Items from a dataset

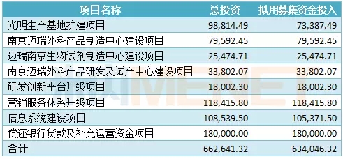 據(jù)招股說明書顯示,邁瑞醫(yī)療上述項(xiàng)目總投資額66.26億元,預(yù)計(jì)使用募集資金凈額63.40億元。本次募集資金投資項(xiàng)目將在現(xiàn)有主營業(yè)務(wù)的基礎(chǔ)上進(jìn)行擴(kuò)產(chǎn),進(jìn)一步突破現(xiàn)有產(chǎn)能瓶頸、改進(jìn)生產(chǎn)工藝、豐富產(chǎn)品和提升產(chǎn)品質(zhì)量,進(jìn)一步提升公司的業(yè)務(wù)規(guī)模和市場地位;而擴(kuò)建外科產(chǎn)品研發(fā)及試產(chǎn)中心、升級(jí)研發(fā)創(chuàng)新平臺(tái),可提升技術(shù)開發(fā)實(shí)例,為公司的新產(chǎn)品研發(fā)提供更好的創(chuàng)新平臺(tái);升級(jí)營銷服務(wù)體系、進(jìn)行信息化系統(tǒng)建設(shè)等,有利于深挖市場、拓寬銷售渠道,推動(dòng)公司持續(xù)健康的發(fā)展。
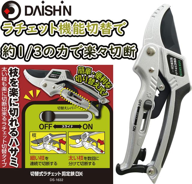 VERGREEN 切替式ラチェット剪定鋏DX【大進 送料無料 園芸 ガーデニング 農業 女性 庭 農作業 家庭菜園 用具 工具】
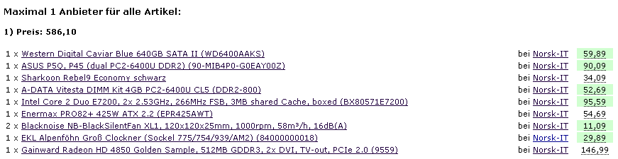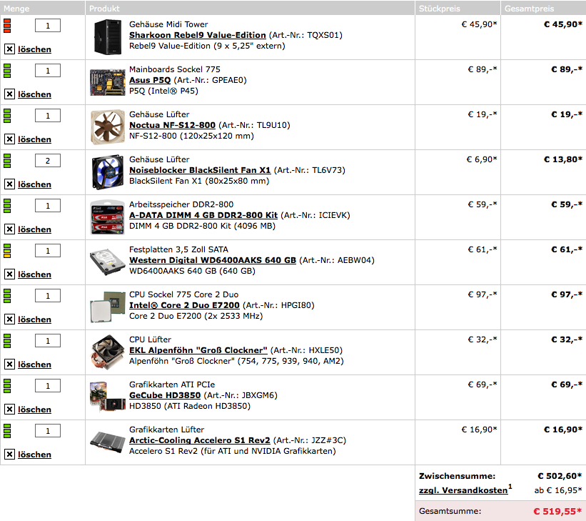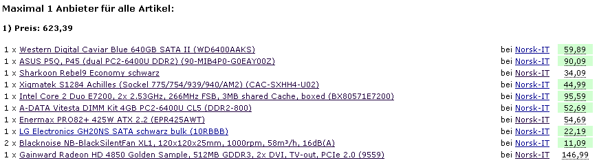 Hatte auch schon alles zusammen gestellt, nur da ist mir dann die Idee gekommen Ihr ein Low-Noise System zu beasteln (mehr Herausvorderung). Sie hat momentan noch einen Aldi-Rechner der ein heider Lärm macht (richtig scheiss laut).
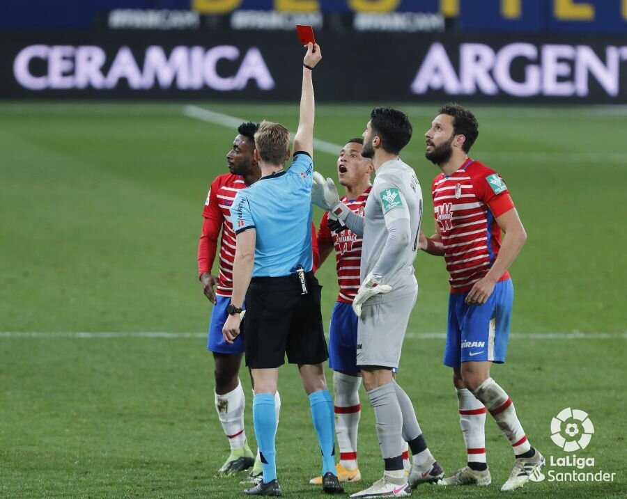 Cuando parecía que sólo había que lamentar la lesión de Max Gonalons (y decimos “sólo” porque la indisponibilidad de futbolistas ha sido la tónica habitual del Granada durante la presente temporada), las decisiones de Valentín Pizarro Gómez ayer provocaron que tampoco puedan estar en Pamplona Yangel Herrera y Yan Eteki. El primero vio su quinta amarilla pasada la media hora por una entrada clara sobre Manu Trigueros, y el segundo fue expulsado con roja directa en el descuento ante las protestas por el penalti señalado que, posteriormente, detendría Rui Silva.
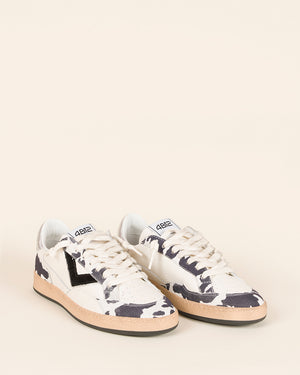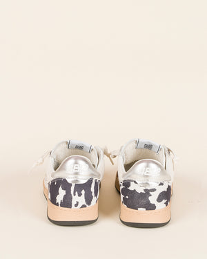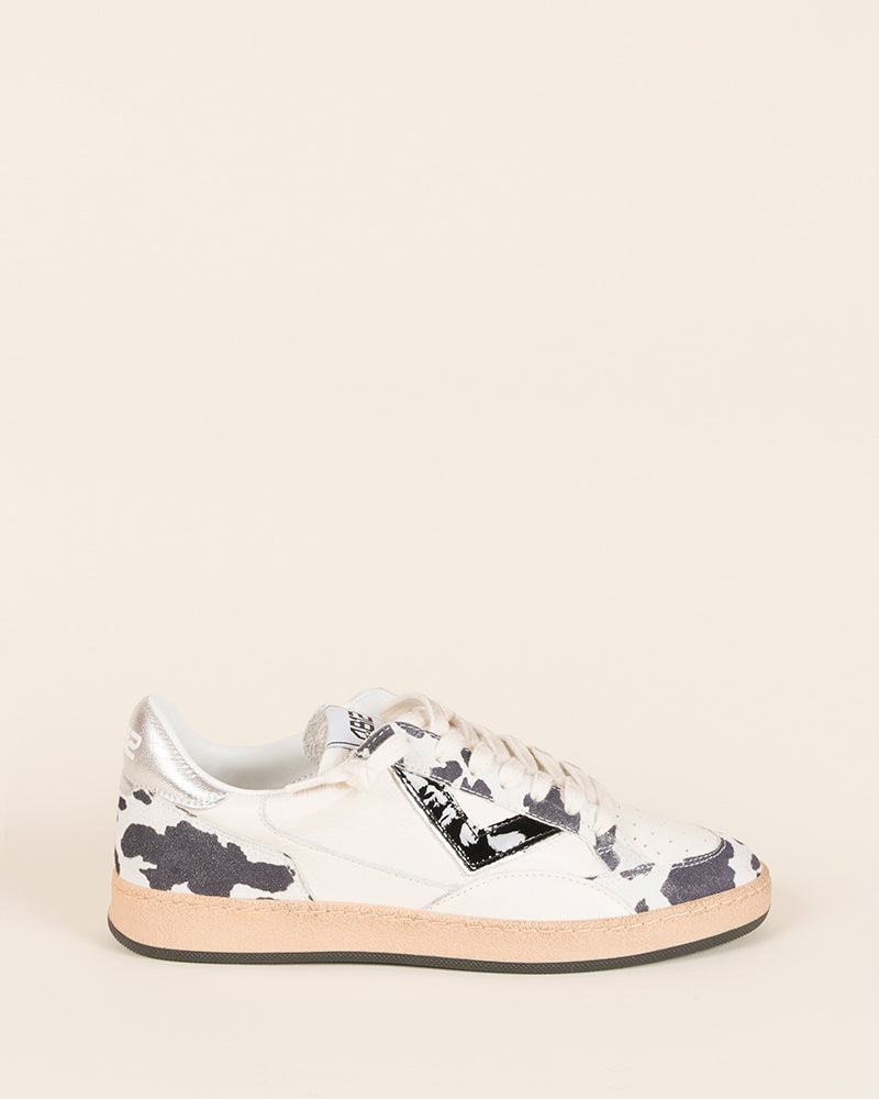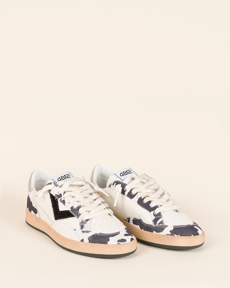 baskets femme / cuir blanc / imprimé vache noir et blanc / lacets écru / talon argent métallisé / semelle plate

§ TASK REQUIREMENTS:
Drop the pictures and reproduce the rest of the entries above exactly.

§ ANSWER AREA:
 據(jù)招股說明書顯示,邁瑞醫(yī)療上述項(xiàng)目總投資額66.26億元,預(yù)計(jì)使用募集資金凈額63.40億元。本次募集資金投資項(xiàng)目將在現(xiàn)有主營業(yè)務(wù)的基礎(chǔ)上進(jìn)行擴(kuò)產(chǎn),進(jìn)一步突破現(xiàn)有產(chǎn)能瓶頸、改進(jìn)生產(chǎn)工藝、豐富產(chǎn)品和提升產(chǎn)品質(zhì)量,進(jìn)一步提升公司的業(yè)務(wù)規(guī)模和市場地位;而擴(kuò)建外科產(chǎn)品研發(fā)及試產(chǎn)中心、升級(jí)研發(fā)創(chuàng)新平臺(tái),可提升技術(shù)開發(fā)實(shí)例,為公司的新產(chǎn)品研發(fā)提供更好的創(chuàng)新平臺(tái);升級(jí)營銷服務(wù)體系、進(jìn)行信息化系統(tǒng)建設(shè)等,有利于深挖市場、拓寬銷售渠道,推動(dòng)公司持續(xù)健康的發(fā)展。
 VERGREEN 切替式ラチェット剪定鋏DX【大進 送料無料 園芸 ガーデニング 農業 女性 庭 農作業 家庭菜園 用具 工具】
 Hatte auch schon alles zusammen gestellt, nur da ist mir dann die Idee gekommen Ihr ein Low-Noise System zu beasteln (mehr Herausvorderung). Sie hat momentan noch einen Aldi-Rechner der ein heider Lärm macht (richtig scheiss laut).
 Cuando parecía que sólo había que lamentar la lesión de Max Gonalons (y decimos “sólo” porque la indisponibilidad de futbolistas ha sido la tónica habitual del Granada durante la presente temporada), las decisiones de Valentín Pizarro Gómez ayer provocaron que tampoco puedan estar en Pamplona Yangel Herrera y Yan Eteki. El primero vio su quinta amarilla pasada la media hora por una entrada clara sobre Manu Trigueros, y el segundo fue expulsado con roja directa en el descuento ante las protestas por el penalti señalado que, posteriormente, detendría Rui Silva.
 baskets femme / cuir blanc / imprimé vache noir et blanc / lacets écru / talon argent métallisé / semelle plate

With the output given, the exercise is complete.